The gvec form will be needed for implementing SVE2.

Tested-by: Alex Bennée <alex.bennee@linaro.org>
Reviewed-by: Alex Bennée <alex.bennee@linaro.org>
Signed-off-by: Richard Henderson <richard.henderson@linaro.org>
---
 target/arm/helper.h        |  4 +---
 target/arm/neon_helper.c   | 30 ------------------------------
 target/arm/translate-a64.c | 28 +++-------------------------
 target/arm/translate.c     | 16 ++--------------
 target/arm/vec_helper.c    | 33 +++++++++++++++++++++++++++++++++
 5 files changed, 39 insertions(+), 72 deletions(-)

diff --git a/target/arm/helper.h b/target/arm/helper.h
index 82450a3f96..4352fae3db 100644
--- a/target/arm/helper.h
+++ b/target/arm/helper.h
@@ -562,9 +562,6 @@ DEF_HELPER_FLAGS_3(crc32, TCG_CALL_NO_RWG_SE, i32, i32, i32, i32)
 DEF_HELPER_FLAGS_3(crc32c, TCG_CALL_NO_RWG_SE, i32, i32, i32, i32)
 DEF_HELPER_2(dc_zva, void, env, i64)
 
-DEF_HELPER_FLAGS_2(neon_pmull_64_lo, TCG_CALL_NO_RWG_SE, i64, i64, i64)
-DEF_HELPER_FLAGS_2(neon_pmull_64_hi, TCG_CALL_NO_RWG_SE, i64, i64, i64)
-
 DEF_HELPER_FLAGS_5(gvec_qrdmlah_s16, TCG_CALL_NO_RWG,
                    void, ptr, ptr, ptr, ptr, i32)

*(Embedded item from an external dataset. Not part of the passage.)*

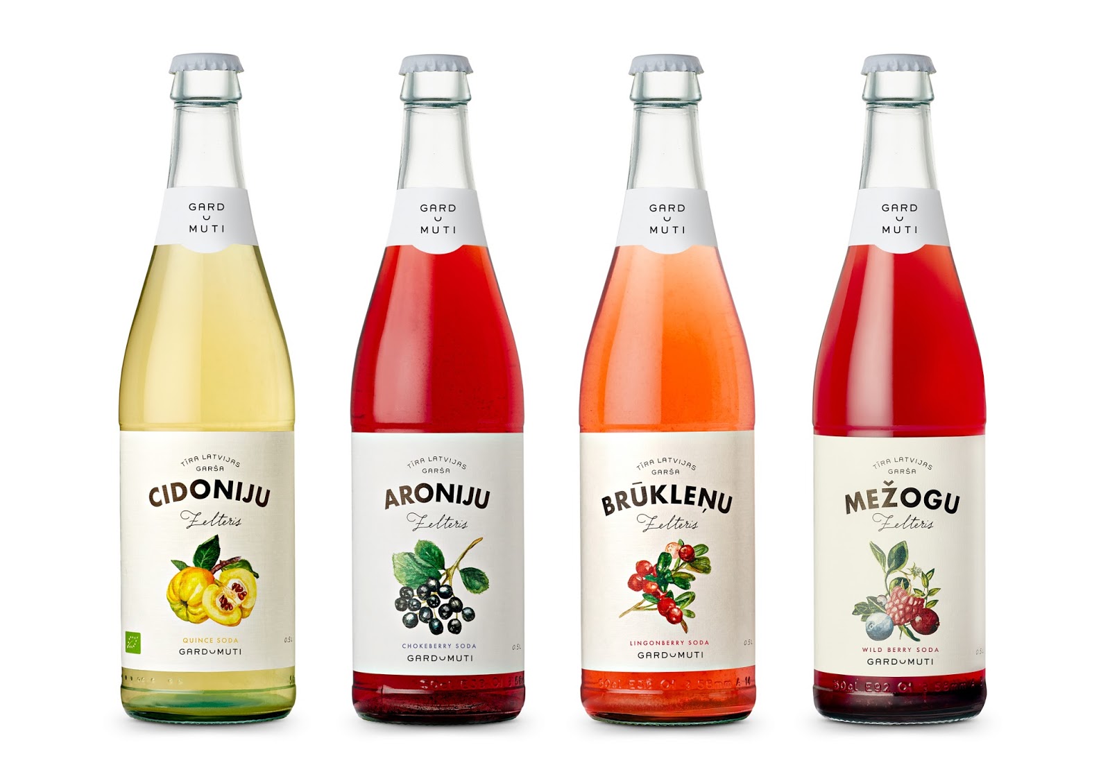 In Gardu Muti’s line of natural lemonade sodas with juice, all products—rhubarb, lingonberry, and quince, all local fruits farmed in Latvia—are Bio certified and come in 330-mL glass bottles with screw tops. The natural sodas are sweetened with sugar—also Bio certified—and have no acidity regulators such as citric or ascorbic acid. Without any colorants either, the beverage all bear shades that come naturally from their juices.

 DEF_HELPER_FLAGS_5(gvec_qrdmlsh_s16, TCG_CALL_NO_RWG,
@@ -696,6 +693,7 @@ DEF_HELPER_FLAGS_4(gvec_ushl_b, TCG_CALL_NO_RWG, void, ptr, ptr, ptr, i32)
 DEF_HELPER_FLAGS_4(gvec_ushl_h, TCG_CALL_NO_RWG, void, ptr, ptr, ptr, i32)
 
 DEF_HELPER_FLAGS_4(gvec_pmul_b, TCG_CALL_NO_RWG, void, ptr, ptr, ptr, i32)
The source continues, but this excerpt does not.